Layers
Reusable building blocks shared across model families. These exist to match specific timm constructs in semantics, layout, and default parameters. They are not intended as a general-purpose layer library.
Building blocks
Luximm.Layers.std_conv — Function
std_conv(kW, kH, in, out; stride=1, pad=0, eps=1f-8) -> @compact blockCross-correlation convolution whose kernel is standardized at forward time. Use this in place of Conv when porting a timm model that wraps its convolutions in StdConv2d (BiT-ResNet, NFNet, etc.).
Luximm.Layers.layernorm2d — Function
layernorm2d(C; eps=1f-6) -> Lux.LayerNormLayerNorm with per-channel affine parameters for a 4D tensor in Lux's (W, H, C, N) layout. Normalizes over the channel axis at each spatial location and batch element, then applies a learnable scale and bias. Numerically equivalent to timm's LayerNorm2d.
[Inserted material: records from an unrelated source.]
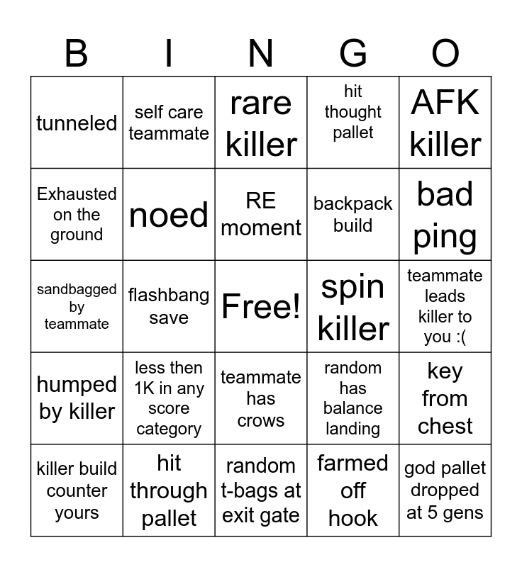 This bingo card has a free space and 76 words: random dc, die first hook, rare killer, killer finds you first, killer gives hatch, teammate down in 30 secs, facecamp killer, teammate dc on first down, 4 slowdown perks, teammate blows up gen, salty end game, baby surv, RE moment, Exhausted on the ground, 10 M from window, flashbang save, teammate throws for archive challenge, god pallet dropped at 5 gens, shirtless / swimsuit teammate, AFK killer, basement camped, sandbagged by teammate, noed, self care teammate, hit thought pallet, Killer use Iridescent perk, bad killer ping, dead on first hook, hex / boon surv name, Teammate hides in a locker instead of helping, Killer use Iridescent addon, God pallet used before 2 gens pop, random has self care, random has balance landing, bad ping, backpack build, random horrible flashy save, random actually flashlight saves you, teammate leads killer to you :(, farmed off hook, 4K at 5 gens, slugged for the 4 k, teammate suicides first hook, mr. ttv man, baby killer, hex destroyed first min, killer build counter yours, tunneled, farming / friendly killer, teammate doesnt recover on ground, you wiggle out, teammate has crows, long chase with no gen completed, killer closes hatch in your face, random uses for the people on you, p 100, inappropriate name, weird hit box, escaped, dying after gates open, less then 1K in any score category, 40K bp, all teachable build, morid without being hooked, surv going down in basement, 3 gen, spin killer, killer wiff, any indoor map, getting sniped, key from chest, humped by killer, hit through pallet, killer has franklin / lightborn, random t-bags at exit gate and random leaves us to die.
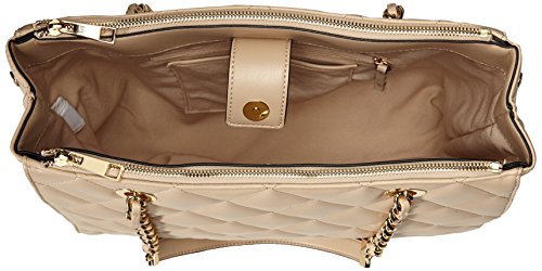 Quilted tote with chain detail and metal luggage tag. Dim in cm:36*28*10
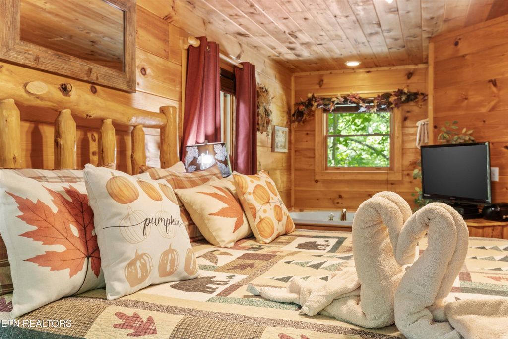 Charming honeymoon or family cabin located in the heart of the Smoky Mountains, situated on a large, private corner lot offering exceptional wooded privacy. This well-maintained retreat features a spacious loft game room with a kid's hideout, creating the perfect space for family fun or additional guest accommodations. The private back deck includes a relaxing hot tub, ideal for enjoying peaceful mountain evenings.
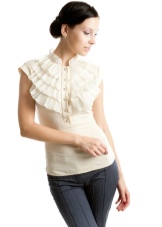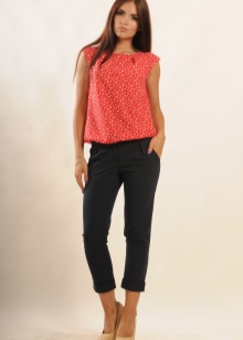 - Blouse. It can be laconic cut or with a bright accent (shuttlecock, frill);
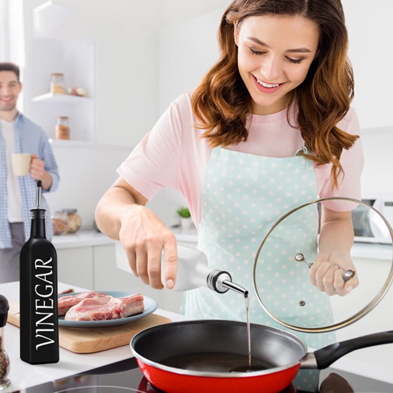 COOKOZZY Oil and Vinegar Glass Dispenser Bottles - White + Black
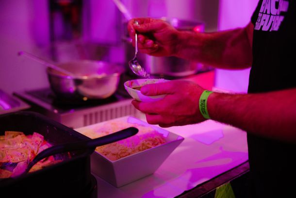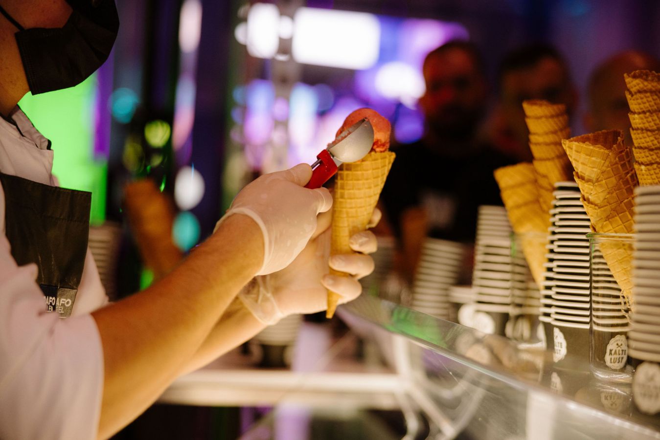 Die passende Stimmung wurde durch LED Mobiliar, diverse Neon-Elemente und UV-Licht geschaffen. Das kulinarische Verwöhnprogramm führte die Gäste von gestern in die Zukunft.
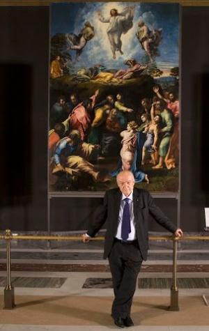 O Prof. Antonio Paolucci diante da “Transfiguração” de Rafael
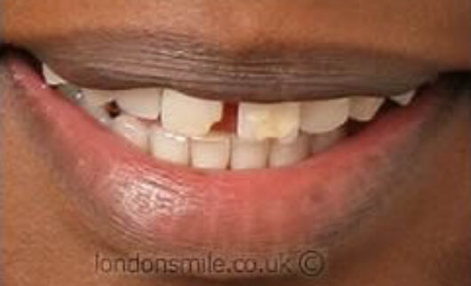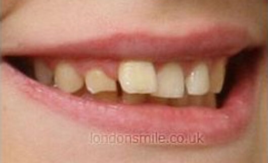 LEARN MOREA combination of crooked front teeth and an accident has left this lovely young patient with a broken smile.

Implemented as Lux.LayerNorm((1, 1, C); dims = 3, epsilon = eps), so the affine parameter leaves :scale and :bias have shape (1, 1, C, 1). PyTorch state-dict entries <prefix>.weight and <prefix>.bias are stored as (C,) and must be reshaped to (1, 1, C, 1) when loading (see Luximm.Interop.as_channel4d).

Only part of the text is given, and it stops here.